ISCEV extended protocol for the stimulus-response series for the dark-adapted full-field ERG b-wave

Affiliations

ISCEV extended protocol for the stimulus-response series for the dark-adapted full-field ERG b-wave

Mary A Johnson et al. Doc Ophthalmol. 2019 Jun.

Abstract

The International Society for Clinical Electrophysiology of Vision (ISCEV) standard for full-field electroretinography (ERG) describes a minimum protocol for clinical testing but encourages more extensive testing where appropriate. This ISCEV extended protocol describes an extension of the ISCEV full-field ERG standard, in which methods to record and evaluate the growth of the dark-adapted (DA) ERG b-wave with increasing stimulus energy are described. The flashes span a range that includes the weakest flash required to generate a reliable DA ERG b-wave and that required to generate a maximal b-wave amplitude.
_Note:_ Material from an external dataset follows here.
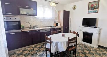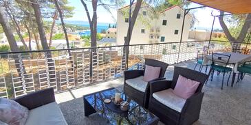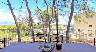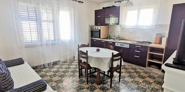 Haus bietet Platz für 6 Gäste. Die Betten sind in Schlafzimmern, die es 2 gibt, und in Wohnzimmer, innerhalb einer Gesamtfläche von 72m2, angeordnet. Die Gäste haben eine eigene Terrasse zur Verfügung, auf der sie in warmen Sommernächten genießen können. Das Haus bietet Meerblick. Es ist erlaubt, Speisen auf dem Gemeinschafts-Grill vorzubereiten.

The DA ERG b-wave stimulus-response series (also known historically as the "intensity-response" or "luminance-response" series) can more comprehensively characterize generalized rod system function than the ISCEV standard ERG protocol and may be of diagnostic or prognostic value in disorders that cause generalized rod system dysfunction.

Keywords: Clinical standards; Electroretinogram (ERG); Intensity–response; International Society for Clinical Electrophysiology of Vision (ISCEV); Naka–Rushton; Retinopathy.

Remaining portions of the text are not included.